EXERCISE DESCRIPTION: Extract word for word the lines of the listing from its start to the line holding "Once done, the", both ends kept; pictures are not part of the copy.

DATASET SECTION:
════════════════

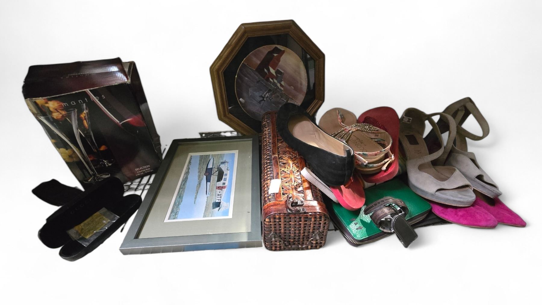 Group of Misc Items - Includes 4 Hollow Flutes, Art, Shoes, Home Decor & Accessories
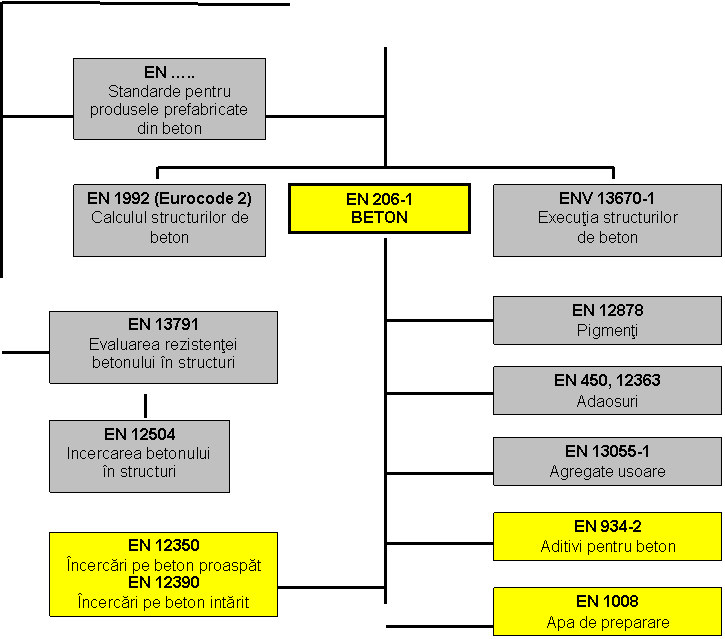 Relatiile intre standardul de beton EN 206-1 si standardele privind conceptia si executia structurilor, materialele componente ale betonului si incercarile de laborator specifice acestora.
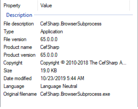 Once done, the update folder will only be accessible by the 3 accepted SIDs. After circumventing the Owner and DACL checks, the last hurdle is to circumvent the file integrity checks. Before executing the update file, the service checks to make sure it is signed by Avira and that the signature is valid (via a call to Updater.IsUpdatePackageAuthentic()). If “C:\ProgramData\Avira\VPN\Update\AviraVPNInstaller.exe” is not signed by Avira and does not contain a valid digital signature, the service will not execute it. In order to circumvent this, we need a file signed by Avira that has a ProductVersion greater than the currently installed version of Avira.VPNService.exe. After some hunting, I came across an Avira signed executable named “CefSharp.BrowserSubprocess.exe” that has a product version of “65.0.0.0”:
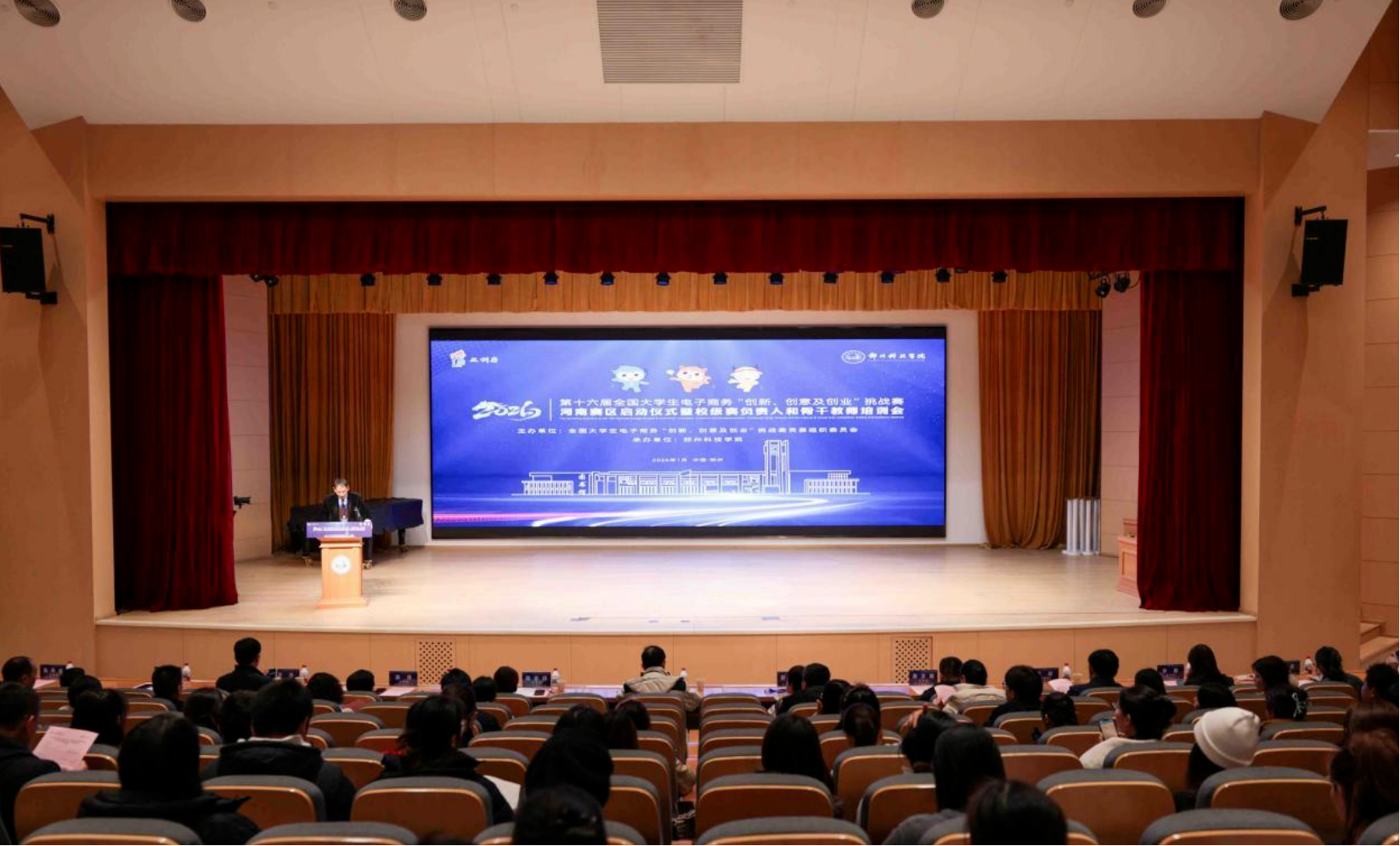 1月9日下午14时,我院电子商务教研室主任叶宝银、专任教师卢瑞娜赴郑州科技学院艺术北楼音乐厅,参加第十六届全国大学生电子商务“创新、创意及创业”挑战赛(以下简称“三创赛”)河南赛区启动仪式暨校级赛负责人和骨干教师培训会。会议汇聚了来自河南省多所高校的校级赛负责人和骨干教师。我院教师参加本次会议旨在进一步提升对“三创赛”赛事规则与动向的理解深度,系统掌握项目指导方法与赛程组织要求,加强与省内院校及企业资源的交流协作。

════════════════

ANSWER FOR THE TASK:
 Group of Misc Items - Includes 4 Hollow Flutes, Art, Shoes, Home Decor & Accessories
 Relatiile intre standardul de beton EN 206-1 si standardele privind conceptia si executia structurilor, materialele componente ale betonului si incercarile de laborator specifice acestora.
 Once done, the update folder will only be accessible by the 3 accepted SIDs. After circumventing the Owner and DACL checks, the last hurdle is to circumvent the file integrity checks. Before executing the update file, the service checks to make sure it is signed by Avira and that the signature is valid (via a call to Updater.IsUpdatePackageAuthentic()). If “C:\ProgramData\Avira\VPN\Update\AviraVPNInstaller.exe” is not signed by Avira and does not contain a valid digital signature, the service will not execute it. In order to circumvent this, we need a file signed by Avira that has a ProductVersion greater than the currently installed version of Avira.VPNService.exe. After some hunting, I came across an Avira signed executable named “CefSharp.BrowserSubprocess.exe” that has a product version of “65.0.0.0”:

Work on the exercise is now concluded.